The Caribs were more primitive and ferocious than the Tainos and expanded their territory by ruthless warfare. When they defeated their neighbors, their custom was to marry the woman and eat the men. Tainos called them canibas, their own version of the word Caribs. When Christopher Columbus reached the Bahamas and the Greater Antilles in 1492, the northern islands were occupied by the Tainos, with only a few pockets of Ciboney surviving. The smaller islands of the Lesser Antilles were by then largely populated by the Caribs.The Spaniards were alarmed and fascinated by the man-eating canibas and news of them, which spread rapidly in Europe, resulted in a new word - cannibal. Columbus first reached an island in the Bahamas that he named San Salvador, after Jesus the Savior. Although the Spaniards were not the first Europeans to reach the American continent, they were the first to record their achievement. Columbus, who believed he had reached the East Indies, called the inhabitants of San Salvador Indians.
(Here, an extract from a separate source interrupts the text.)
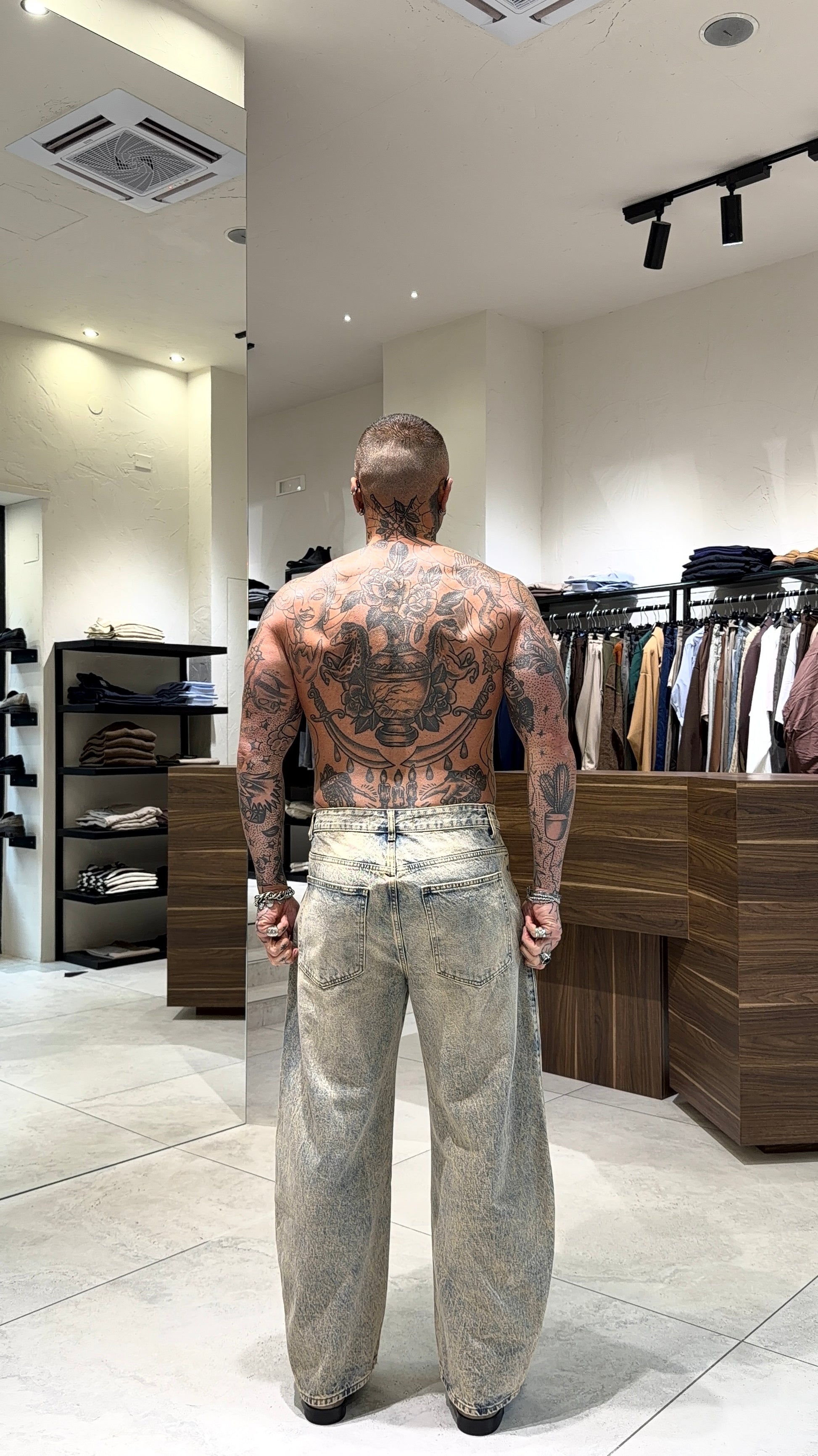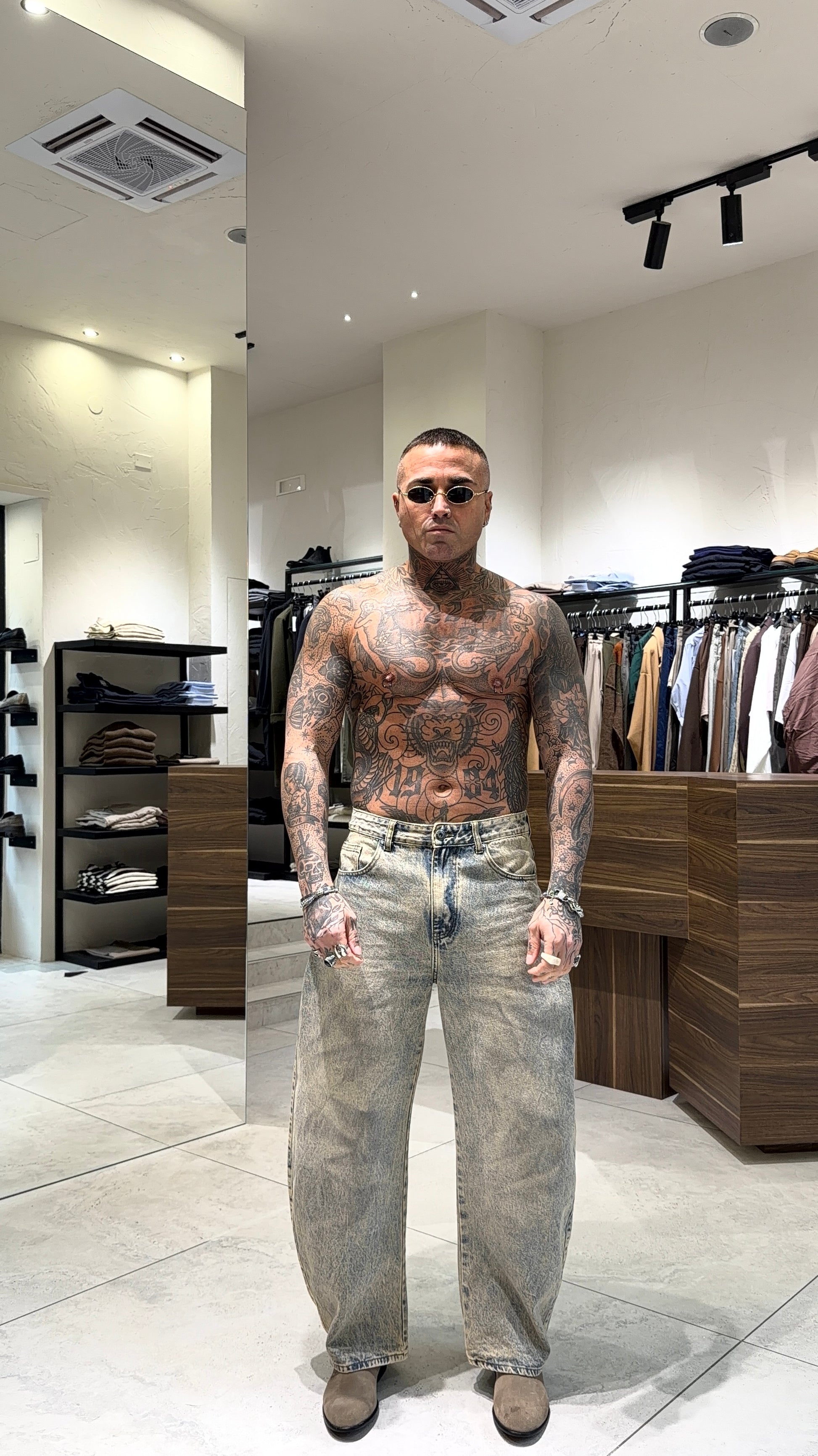 Modello H 1.83 x 85 kg indossa taglia 48. Vestibilità larga. Gamba ampia.

This inaccurate name has remained attached to the indigenous people of the whole American continent and because of it the region became known to Europeans as the West Indies.
The most important landfall of Columbus's expedition was the large island of Cuba, while the next significant one was an island Columbus named after Spain, or Hispaniola, later known as the Dominican Republic and Haiti. The Spaniards eradicated the Tainos in less than fifty years during their plunder for gold in the sixteenth century, sending many of them to South Africa to work in the gold mines and pearl beds, but many people from the tribes committed suicide to escape enslavement.
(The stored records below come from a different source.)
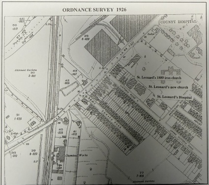 So three years after the temporary church was erected, the St. Leonard's Hospital building was built. The date 1892 can still be seen on the front gable of the building which is now St. Leonard's Church Centre.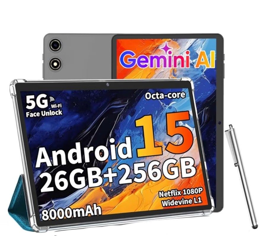 Android 15 Tablet with Case, Pen and Charger, 26GB RAM+256GB ROM(2TB Expand), 10 inch tablet with 8000mAh Battery, 2.4G/5G WiFi, Dual Camera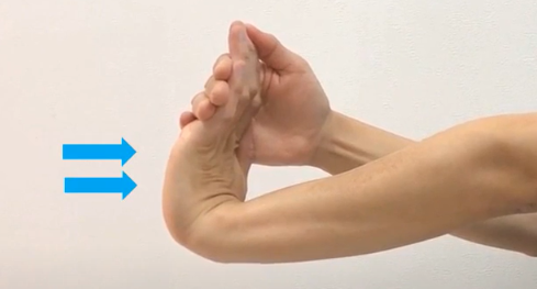 반대 손으로 손등을 아래로 눌러줌.

During the sixteenth century, the islands of the Caribbean remained an exclusively Spanish preserve, but they were too numerous to control. During the seventeenth century, the English and the French settled on islands on the periphery. Some islands changed hands over twenty times during the Caribbean wars, as the European imperialists waged war among themselves as well as with the Carib Indians. During the eighteenth century, there was an ongoing conflict between France and Britain over islands in the region, which peaked in the 1790s with the French Revolutionary wars.
In addition, pirate ships pervaded the region at the beginning of the seventeenth century. Their home base was the island of Tortuga off the north coast of Haiti, from where they pirated the high seas and attacked vessels as far away as the Indian Ocean. In the eighteenth century, slavery was brought to the Caribbean islands and slaves were used to cultivate sugar. After the Tainos were wiped out, plantation owners relied on slaves from Africa. At first, it was mainly the Dutch who imported slaves, but later the English dominated the trade, with Jamaica, in English hands from 1655, becoming the major slave market in the region.
After the Emancipation Act of 1834 ended slavery and Europe no longer relied on the region for sugar production, the Caribbean islands became less of a fighting prize. Cuba continued to import slaves until 1864 and slavery was not officially abolished until 1888. The French possessions freed their slaves in 1848 and were followed by the Dutch in 1863 and Puerto Rico in 1873.
At the end of the nineteenth century, Cuba and Puerto Rico were ceded to the United States and Cuba gained its independence in 1901. In 1962, Jamaica and Trinidad and Tobago became independent states within the British Commonwealth, while Barbados gained its independence four years later. The next islands to become independent were Antigua, Barbuda, Redonda, Anguilla, St. Kitts and Nevis, St. Lucia, St. Vincent, and Dominica. The French possessions in the region remain departments of France. Almost no indigenous Caribbean Indians have survived. The lasting legacy of their history is in Tainos features that can be found in the faces of some Dominicans and Cubans.